Big Thought: In 2016, my friend gave me Pedro Domingos’ “The Master Algorithm.” A best selling book, described by Bill Gates as an essential guide to machine learning. It indeed is. The book explored the “five tribes” of machine learning and argues that by combining the strengths of these five tribes, we can develop a “master algorithm” that can learn and solve any problem. It focuses on a lot of the positives. I couldn’t help but think about the first time I read this book and what the world has become now. 

In the early 19th century, the world woke up to what was arguably the first programmable computer, the Difference Engine designed by Charles Babbage. Some argue that the abacus, invented by William Oughtred in 1622, was the first computer. Regardless of whether you are on team Babbage or Team Oughtred, we can agree on one thing that the journey through computing history has been really remarkable.  

The first generation of computers used vacuum tubes made into the bulky ENIACs, the second generation used transistors, the third generation introduced integrated circuits, and the fourth generation brought in microprocessors and the internet. Today, we are in the fifth generation, characterized by the use of ultra-large-scale integration (ULSI) technology, parallel processing, and artificial intelligence (AI)

Two important moments stand out for me in this timeline; The Internet Revolution and The Rise of AI.  The former showed us just how much we could bring the world closer together. The internet brought so much to us, I remember a comment from an MIT video I was watching on Youtube. The user said “ Me, a poor inner city kid sitting through an MIT lecture like this.
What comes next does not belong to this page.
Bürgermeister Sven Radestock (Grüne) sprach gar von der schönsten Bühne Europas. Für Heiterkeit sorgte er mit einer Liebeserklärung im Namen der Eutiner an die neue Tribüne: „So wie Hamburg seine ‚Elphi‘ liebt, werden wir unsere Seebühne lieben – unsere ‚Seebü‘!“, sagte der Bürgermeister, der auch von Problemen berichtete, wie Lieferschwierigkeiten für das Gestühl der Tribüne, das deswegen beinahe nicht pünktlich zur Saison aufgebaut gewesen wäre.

Unreal”. I thought there isn’t a better way to express what the internet brought, a more connected world, access to information, access to opportunities but it also brought disinformation, sophisticated networks of sex trafficking, social media addiction that is ruining our attention, disruption of elections and so much more. We were so excited about this new connectedness that we only started thinking about the repercussions later. 

Artificial intelligence has immensely improved our lives through helpful technologies like Google Maps, translation tools, spell-check, and many other useful applications built upon the subfield of machine learning. However, the advancement of these technologies and the push toward artificial general intelligence (AGI) calls for alarm. The dangers of this sprint  according to experts like Professor Geoffrey Hilton is that because these systems autonomously write their own code to modify themselves, we could get to a time where they can’t simply be turned off, they will be able to literally have a mind of their own. 
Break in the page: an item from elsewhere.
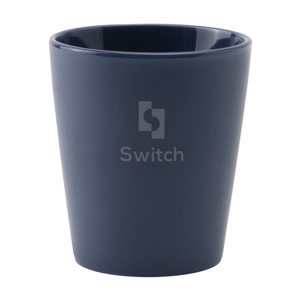 Trendy mug without handle. Made of high-quality ceramics. With matt outside and high-gloss inside. Suitable for all coffee machines. Capacity 190 ml. Dishwasher-safe. The imprint is tested and certified dishwasher-safe: EN 12875-2.

In a recent interview with The Economist, Open AI’s CEO Sam Altman, echoed professor Hilton’s fears. When asked about pausing developments on AI, he  said there was no magic red button to stop AI. It means that if this system ever gets out of hand, its developers will struggle to control it.
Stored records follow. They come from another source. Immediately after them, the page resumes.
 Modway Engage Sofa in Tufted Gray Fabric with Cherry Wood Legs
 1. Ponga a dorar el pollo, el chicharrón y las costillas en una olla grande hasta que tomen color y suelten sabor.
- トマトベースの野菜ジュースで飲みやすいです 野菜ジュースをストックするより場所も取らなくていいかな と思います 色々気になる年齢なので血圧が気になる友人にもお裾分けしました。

So, maybe it is good that two years after ChatGPT went mainstream, researchers are continuously expanding the conversation on the social and economic downsides of the advancements in AI currently. At the center of our experiment with these algorithms must be responsible development, ethics and fairness. Regulators have to  ensure the transparency and explainability of systems, human oversight over critical decisions, and strong safeguards against misuse.   We must continue to consider the implications of AI developments on the human race and its continuity, on social interaction, on jobs and on the environment.